The World’s Most Overvalued Currency

A pile of loosely scattered real bills.

The cost of living is rising in Brazil. Photo © Michael Sommers.

I don’t need to read an article to tell me how expensive Brazil has become—especially, for those who come bearing American dollars. Having lived in Brazil for 12 years now—and earned the major part of my livelihood in greenbacks, I’m painfully conscious of the fact that since 2003, the value of Brazilian real has increased 122 percent against the once mighty dollar. I’m also pretty aware—as are most of my Brazilian friends—that many things (bus fare, beer, life in general)—are slowly, but surely, getting more expensive.

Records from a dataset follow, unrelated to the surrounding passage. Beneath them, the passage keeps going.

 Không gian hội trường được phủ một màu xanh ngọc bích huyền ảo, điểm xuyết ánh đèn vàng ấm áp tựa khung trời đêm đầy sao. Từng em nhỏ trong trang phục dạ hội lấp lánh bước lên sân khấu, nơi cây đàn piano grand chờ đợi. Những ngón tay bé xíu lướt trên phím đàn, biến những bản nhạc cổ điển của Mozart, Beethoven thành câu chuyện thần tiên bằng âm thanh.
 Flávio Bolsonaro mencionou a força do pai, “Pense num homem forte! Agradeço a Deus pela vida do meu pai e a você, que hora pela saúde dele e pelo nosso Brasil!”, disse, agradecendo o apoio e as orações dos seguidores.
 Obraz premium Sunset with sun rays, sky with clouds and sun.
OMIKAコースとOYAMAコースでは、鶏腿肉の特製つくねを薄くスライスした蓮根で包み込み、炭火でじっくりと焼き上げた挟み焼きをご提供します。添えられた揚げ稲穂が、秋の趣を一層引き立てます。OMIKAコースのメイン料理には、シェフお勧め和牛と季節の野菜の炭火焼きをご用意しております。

That said, it took reading an article published on Bloomberg.com to hit home just how much the real has actually risen and costs have been creeping up due to inflation. Brasília-based reporter Andre Soliani’s point of departure is the fact that it’s now cheaper to stuff oneself on Brazil’s famous barbecue at one of the burgeoning number of Fogo de Chão churrascarias in the U.S. than at the upscale restaurant chain’s Brazilian counterparts.

The Brazilian government has attempted to check both rising costs and the rising real, but so far efforts have been in vain.

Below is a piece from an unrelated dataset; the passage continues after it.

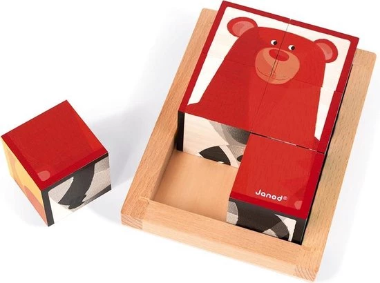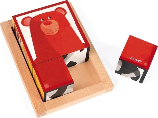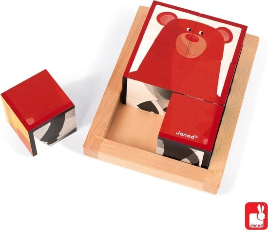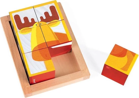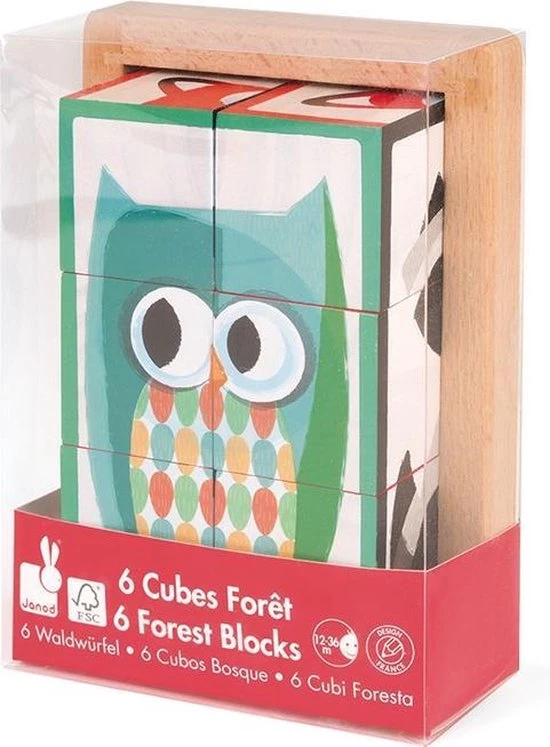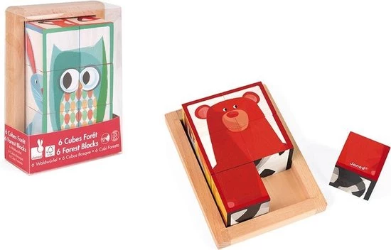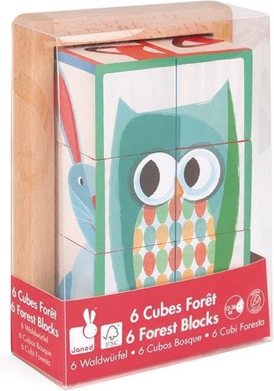 Zigolos: een leuke blokpuzzel met 6 verschillende bosfiguren. Geschikt voor kinderen vanaf 12 maanden. Afmeting blokken: 4,5×4,5×4,5 cm.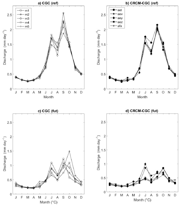 In the next step, GR4J was fed with bias corrected climate simulations in order to obtain streamflow simulations in reference and future periods. Figures 7a and 7b show the hydrological annual cycle in the reference period as simulated with CGC and CRCM-CGC, respectively. Both climate simulations reproduce the observed annual cycle as well as the midsummer drought. Regarding future period (Figure 7c and 7d), both types of climate simulations lead to a decrease on streamflow, especially CRCM-CGC. Moreover, the annual cycle in future period is somewhat modified, since October’s streamflow is higher that September’s streamflow for some simulations (e.g. aey and aez).

The article goes on to point out a wide range of consequences to Brazil’s astronomic economic growth and the attendant “currency war” that the country appears to be losing; as the real continues to soar against the dollar and other international monies, it has become, in the words of Goldman Sachs, “the world’s most overvalued currency.” Among the most striking results is the fact that the cost of living in Rio de Janeiro, São Paulo, and Brasília is now higher than any U.S. city including New York, according to London-based human resource company, ECA International.

The Brazilian government has attempted to check both rising costs and the rising real, but so far efforts have been in vain. The inflation is a consequence of decreasing poverty, increased purchasing power (particularly among Brazil’s vast emerging middle class), and record-low unemployment, all of which are propelling an unprecedented shopping spree among Brazilians with money to burn.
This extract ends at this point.